Traci's Story

I have always been in a relationship with someone. My life seemed fine until, all at once, it became very dark, like a solar eclipse. I lost my brother in a fire and my relationship ended. My relationship wasn’t a healthy one so my family came and got me out of there and moved me closer to them. I have a very loving family, but I still felt alone. Every day I felt alone, I didn’t know where my life was going; I was in a dark, dark place.|

I think, in retrospect, that my anorexia was a form of self-punishment. I didn’t think I was important to anybody, I wasn’t good enough. I didn’t matter. I wanted to disappear.

I didn’t recognize what was going on when it first started. I had stopped smoking and started eating. People commented that I looked bigger and that hurt. I was very sensitive to what other people thought about me and I let their outer selves squash my inner self.

It began slowly. I started walking with a friend at work, then I started to run, and I was getting healthy. Exercising and getting healthy is a good thing, but the social standard of “you can’t be too rich or too thin” was ringing in my ears. I began to cut out certain foods; then I cut out more.

I began having health issues. I went to my doctor who told me I wasn’t getting enough fat in my body. I was going by all the diet books that tell you not to eat fat, and as I cut out more and more, it became a mental issue. I could not bring myself to eat fat. To this day I have a hard time. I have to ease myself into it.

I found myself being proud of how much I could take away from my diet and still survive. My caloric intake got so low that I started to lose it mentally and couldn’t even function right. My thoughts were really screwed up at that point but, mercifully, I had enough wherewithall to know that something was not right. Something was seriously not right.

I wasn’t committing suicide, per se, but I was very definitely not valuing myself.

I began to search on the Internet about eating disorders. I found a girl on Craig’s List who was just looking for a friend who was going through eating disorders too. I talked to her and she turned me on to a woman in the city who was a nutritionist-counselor. She was the first person who ever said to me, “Look, you are anorexic.” Wow. She assisted me to get to a place where I was ready to accept help.
I researched facilities and finally found a place I thought might be right. I didn’t want to go to Kaiser and be on a floor with a bunch of mental patients who were going through different issues; I wanted help for my specific issue. I finally found a place that would allow me to continue my yoga, which I love, and still have a little piece of control.

I knew I had to do this. I was going to have to give up my job, my life as I knew it, my house and everything I had created in this “perfect little way” to go into a treatment center. I was scared shitless, but I knew I had to do it.

The first thing I did was tell my boss. I was not expecting his reaction at all. He told me he was so sorry and that he had known something wasn’t right with me. He told me he was going to pay me 60% of my salary for however long it took me to get better. I was shocked!
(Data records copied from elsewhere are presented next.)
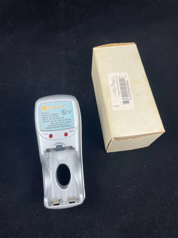 This Golden Power Class 2 AA or AAA Rechargeable Battery Charger is a reliable and efficient way to charge your batteries. It is compatible with both AA and AAA batteries and has a voltage input of 120V AC 60Hz 5W. The charger is designed for multipurpose batteries and power and is perfect for use with consumer electronics. With this charger, you can easily charge your batteries and keep your devices running smoothly. It is a great addition to any battery charger collection and is sure to be a valuable resource. Don't miss out on this opportunity to power up your devices with ease! For inventory - Mary Box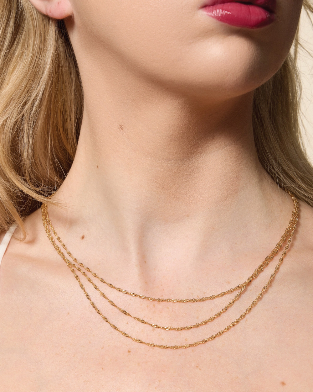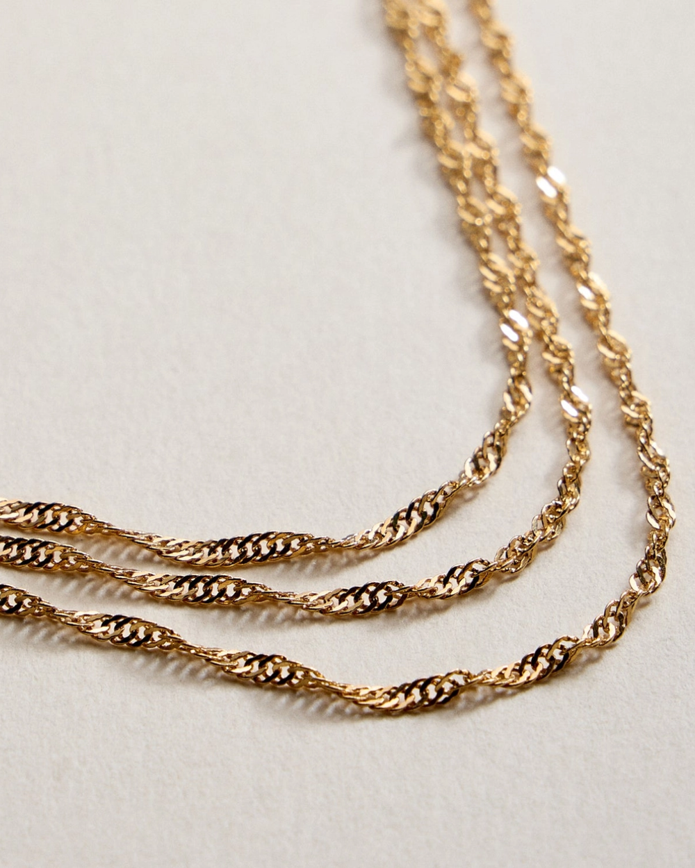 Crafted from gold-filled metal, this rope chain necklace showcases a refined twisted design with exceptional light-reflecting qualities. Wear it solo for understated elegance or layer it with other pieces for added dimension. A versatile, enduring staple for any jewelry collection.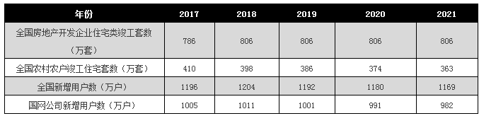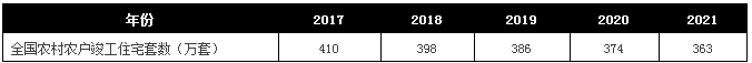 表4 2017~2021年期間全國(guó)農(nóng)村農(nóng)戶竣工住宅套數(shù)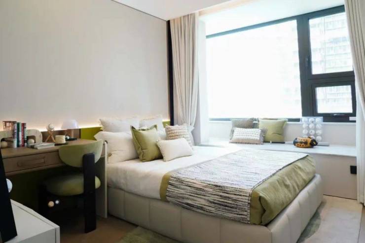 南向次卧套房设计,宽度达到3.5米,还带有大尺度飘窗,进一步延展了空间,舒适度丝毫不减。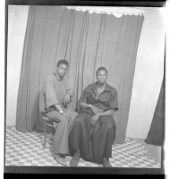 169. EAP449/2/22/169 Reference (shelfmark): EAP449/2/22/169 Title: Two men wearing boubous sitting on chairs, one face-forward and the other in profile in the studio. Collection Area: Endangered Archives Programme Languages: Not applicable Date Range: 2nd half od the 20th century Extent: 1 TIFF image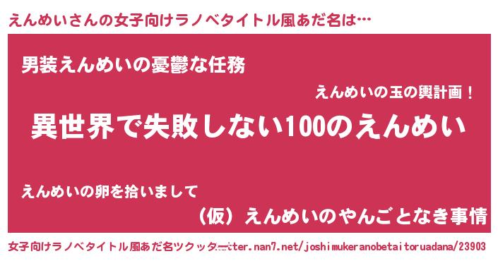 | 男性向けラノベタイトル風あだ名 | 『えんめいという概念が存在しない退屈な世界 』 |

Between him and a couple people at my yoga studio that reached out to me, I went from a place where I thought no one cared about me, aside from my family, to a place where I saw that people care. They really, really care. It took me saying, “Hey, I’m at the darkest of my dark” for me to see that.

I went into treatment. I stayed in for 60 days. One of the things they did was take us to meetings. Lots and lots of meetings. From AA to Over Eater’s Anonymous. I realized from that that it didn’t matter what the specific issue really was, it all came from the same place – people not feeling worthy of love and feeling alone. I came out of there the best I’ve ever been in my life. In the year following, I went to a lot of meetings; I had a lot of support. I was so in touch with me and I finally was able to reach out and give of myself again. That was the biggest gift I got.

Continuing different support groups is important for me. I see how people can need these support groups for the rest of their lives. It is a community, a place where you are comfortable and where you can share yourself with other people. I think this is what we all seek in one shape or form, a community where we know we will be loved and not feel judged. I can’t do it by myself. I need the support.
We are not islands. Our issues are not unique; we just think that they are. It is easy to believe that everyone else is lovable. It is very hard to believe that you are loveable. People tend to judge one another without even having knowledge of the other person. That is the part that hurts – when you feel you are being judged (but then you are comparing yourself to other people that you don’t know either). We need to speak, speak, speak up! That way we can know each other.

There is a big difference between self-deprivation and taking care of yourself. It took me a long time to learn that difference. But I think I have it now. Intimacy is still tricky for me. I’m learning to let people see me. I’m getting there, but I do believe I am lovable.
I am lovable and I don’t want to be invisible any longer.